We utilize a combination of the approaches, listed below, to span the spatial and temporal resolution scales to link structure with function.  These allow for the isolation of macromolecular assemblies with biological activity. Using these approaches, we can purify, engineer and then visualize the process in which a protein acts as a machine and catch them at various steps of biological activity. We then develop structural hypotheses and introduce mutants to determine their activity and link structure with basic functional mechanism.

Expression and Engineering of
Recombinant Proteins and Multi-protein Complexes

We express recombinant proteins in bacterial (Escherichia coli) and insect (Spodoptera frugiperda) and Tetrahymena  (Tetrahymena  thermophila) cell expression systems. We can isolate multi-protein complexes using poly-cistronic expression in these systems. Molecular biology approaches are used to design recombinant proteins based on their sequence conservation to isolate different domains for functional and structural analyses. Recombinant proteins or protein complexes are purified using a variety of chromatography techniques including affinity, ion exchange and size exclusion chromatography

Biophysical and Biochemical  Mass and affinity Analyses of Protein Complexes

We analyze the biochemical mass, oligomerization, using  Size Exclusion Chromatography (SEC), Size exclusion chromatography and Multi-Angle Light Scattering (SEC-MALS).  We measure protein binding affinities using isothermal titration calorimetry (ITC) .

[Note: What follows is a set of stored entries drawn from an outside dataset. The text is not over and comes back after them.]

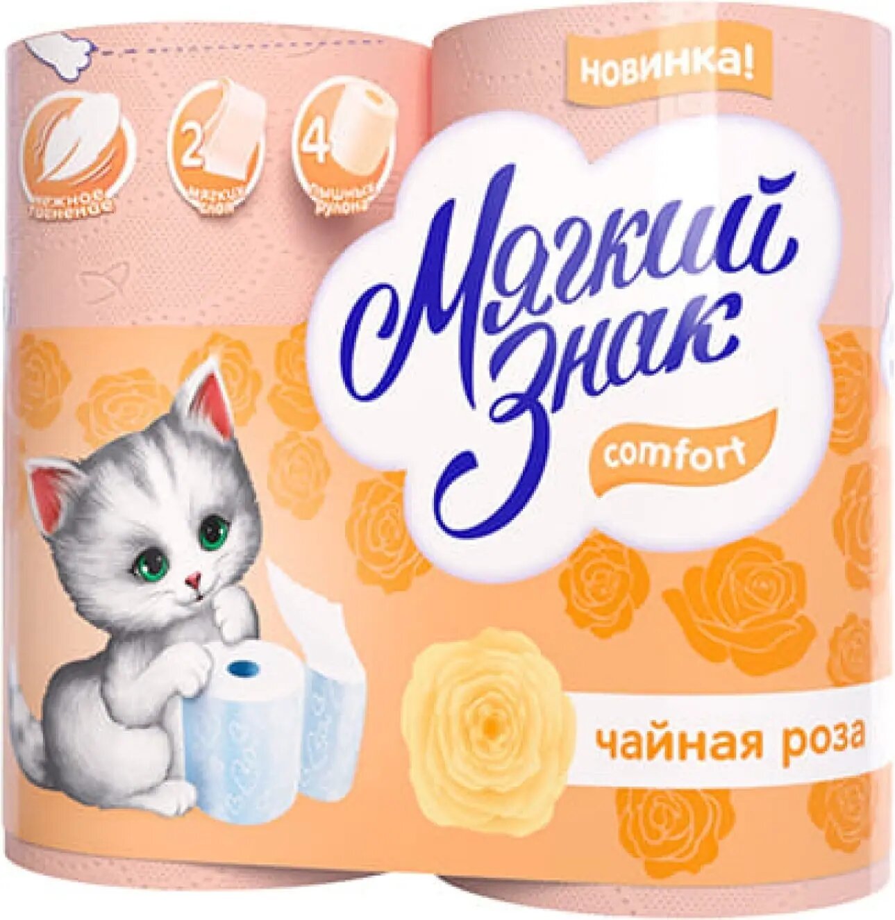 Мягкий Знак Туалетная бумага Comfort, Чайная роза, 2-слойная, 4 рулона интересное:
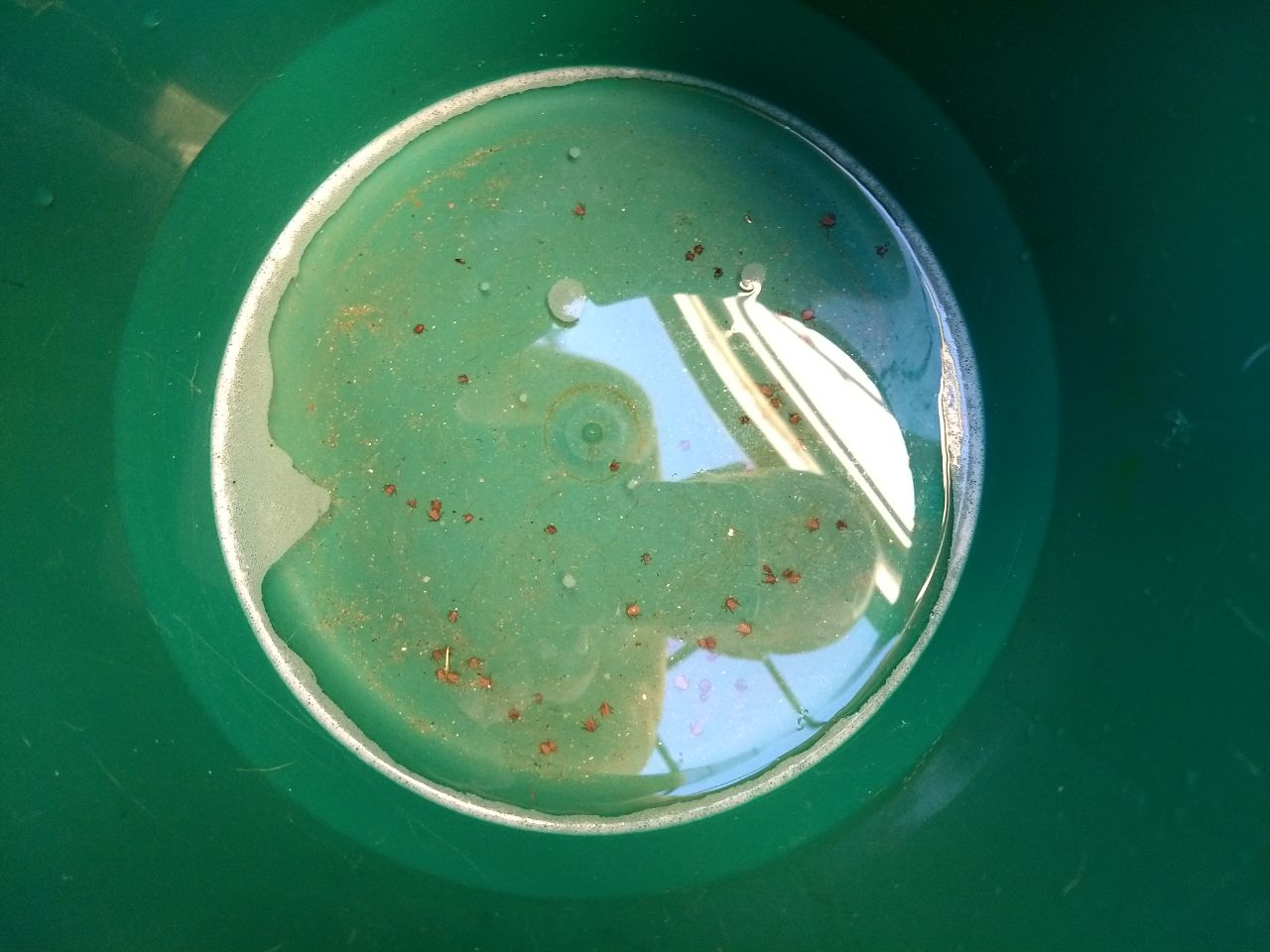 No balde com água, estariam os carrapatos recolhidos por ele
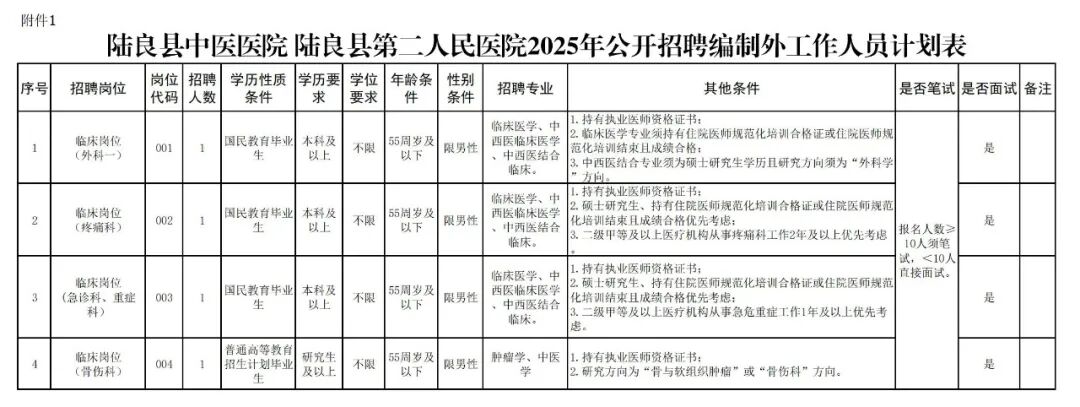 (二)招聘岗位和人数及资格条件详见附件1《陆良县中医医院 陆良县第二人民医院2025年公开招聘编制外工作人员计划表》(以下简称“计划表”)。
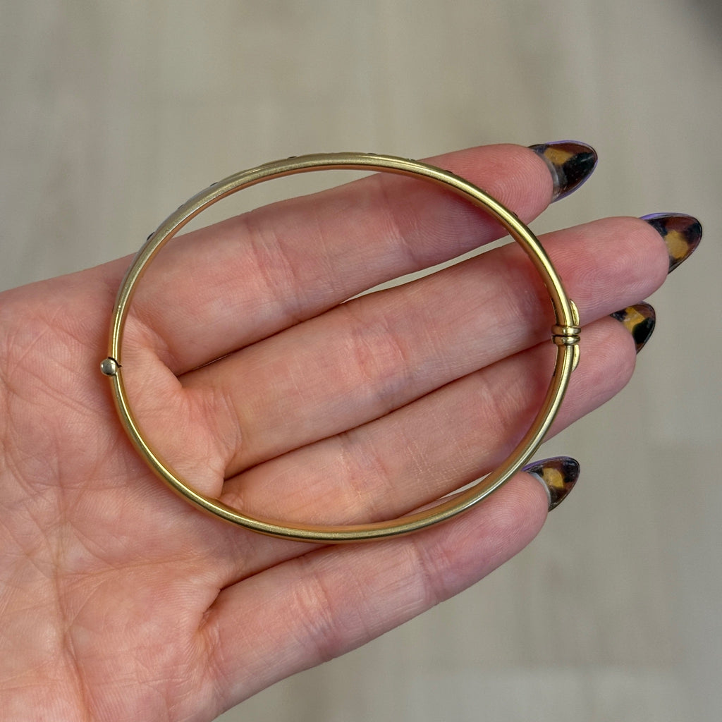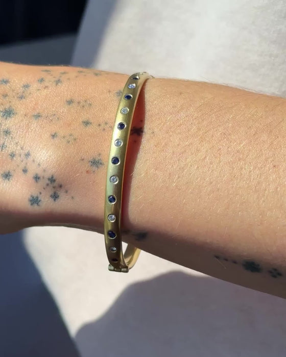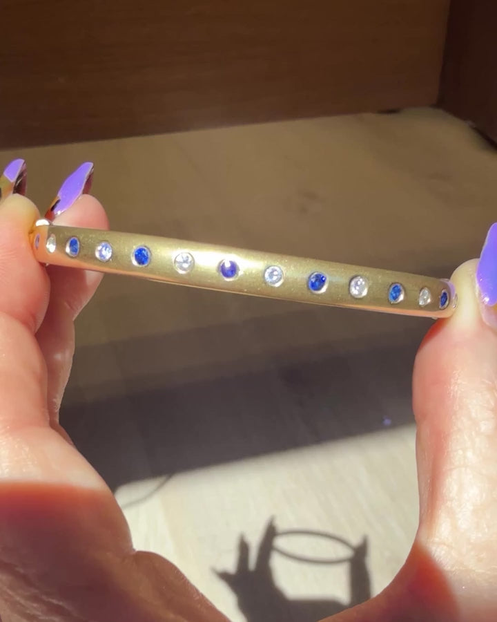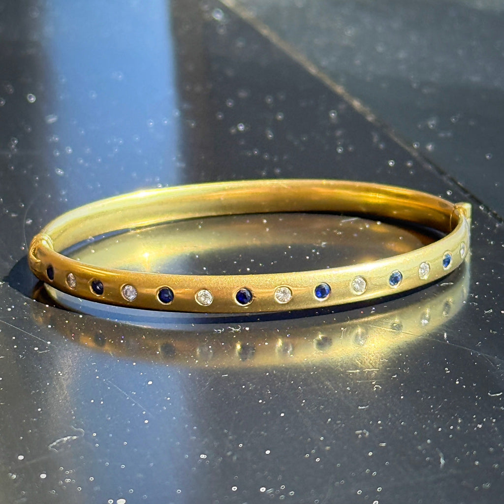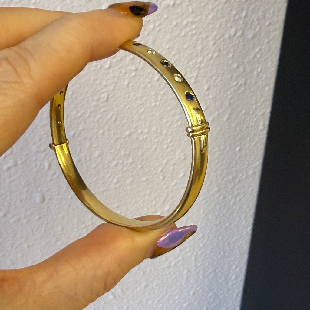 Vintage 18K Solid Yellow Gold Bangle with Flush Set Blue Sapphires and Diamonds
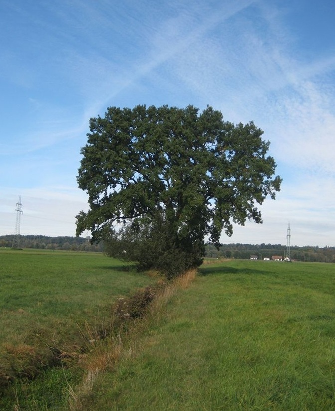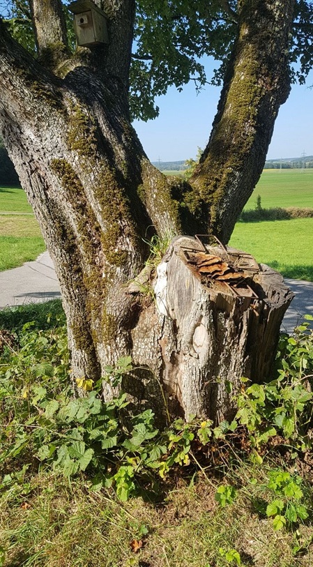 Von Itzling geht es steil durch einen Hohlweg hinunter ins Ampertal. Dort wird man von einem einstmals mächtigen Feldahorn empfangen. Der Feldahorn hat es als "Feldahorn bei Haindlfing" zu einem Wikipedia-Eintrag gebracht, obwohl er näher bei Itzling und auch auf Itzlinger Gemarkung steht. Nach Wikipedia war er einer der stärksten Feldahorne Deutschlands. Leider ist von einem der Hauptstämme inzwischen nur noch der Stumpf da. Den hat der Baum vor gut zehn Jahren verloren, ob aus Altersschwäche oder Blitzschlag, da gehen die Erzählungen auseinander.
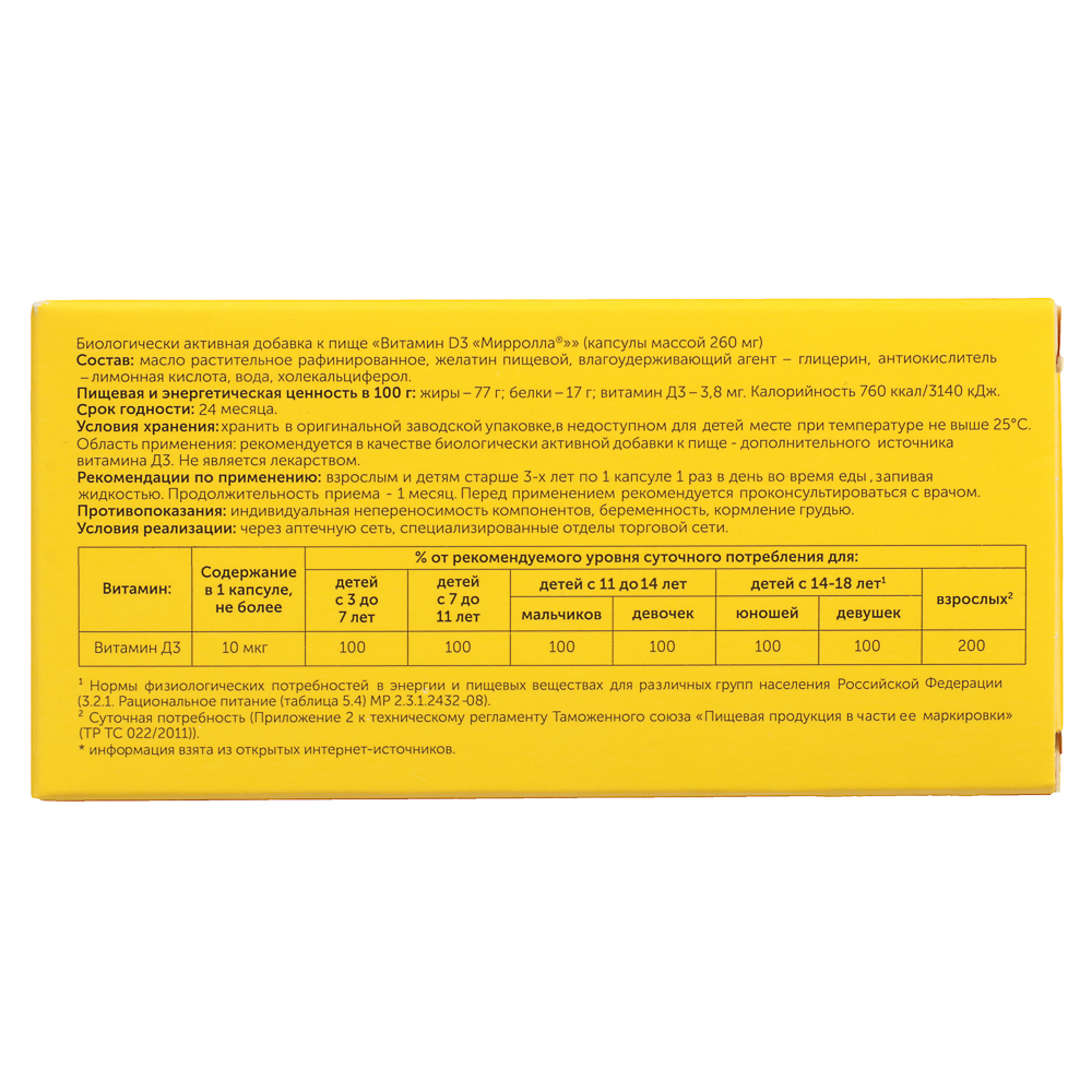 БАД "Витамин D3" Мирролла, 30таблБАД "Витамин D3" Мирролла, 30таблБАД "Витамин D3" Мирролла, 30табл

High Resolution Total Internal Fluorescence (TIRF) Microscopy Studies
to reconstitute activities of Microtubule Dynamics with their Regulators

The mechanism of multi-protein complexes in regulating MT dynamics can be studied using high resolution light microscopy approach, termed total internal reflection fluorescence microscopy, where a thin 50 nm slab of solution near the surface of a glass is illuminated through the “total reflection” of a fluorescent laser light.


Structural Studies of Multi-subunit Protein complexes using  X-ray Crystallography

The structures of individual recombinant proteins or protein domains can be determined using x-ray crystallography. Highly purified recombinant proteins form crystals when subjected to dehydrating and precipitating chemical environments. When these crystals are subjected to intense narrow x-ray beams at national radiation synchrotron sources, they generate diffraction patterns, which can then be solved using a variety of computational approaches to determine the molecular architecture of protein in the crystals.


 Cryo-electron Microscopy (Cryo-EM) and single particle image analysis

to determine Structures of Multi-protein Complexes 

The structures of multi-protein complexes in different states can be studied using molecular electron microscopy of negatively stained samples or cryo preserved in vitreous ice. Using computational approaches, medium or low-resolution three-dimensional reconstructions can be determined for protein complexes. High resolution structural studies can be performed using cryo-electron microscopy Cryo-EM.  Our laboratory has access to the BIO-EM facility which includes a FEI Glacios microscope equipped with an autoloader and K3 direct electron detector, and using monthly data collection time as a part of the  Bay Area Cryo-EM consortium (BACEM) using FEI titan Krios microscopes located at the Universities of California San Francisco and Berkeley.   These high resolution structures allow De Novo model building or docking of high-resolution structures of component proteins.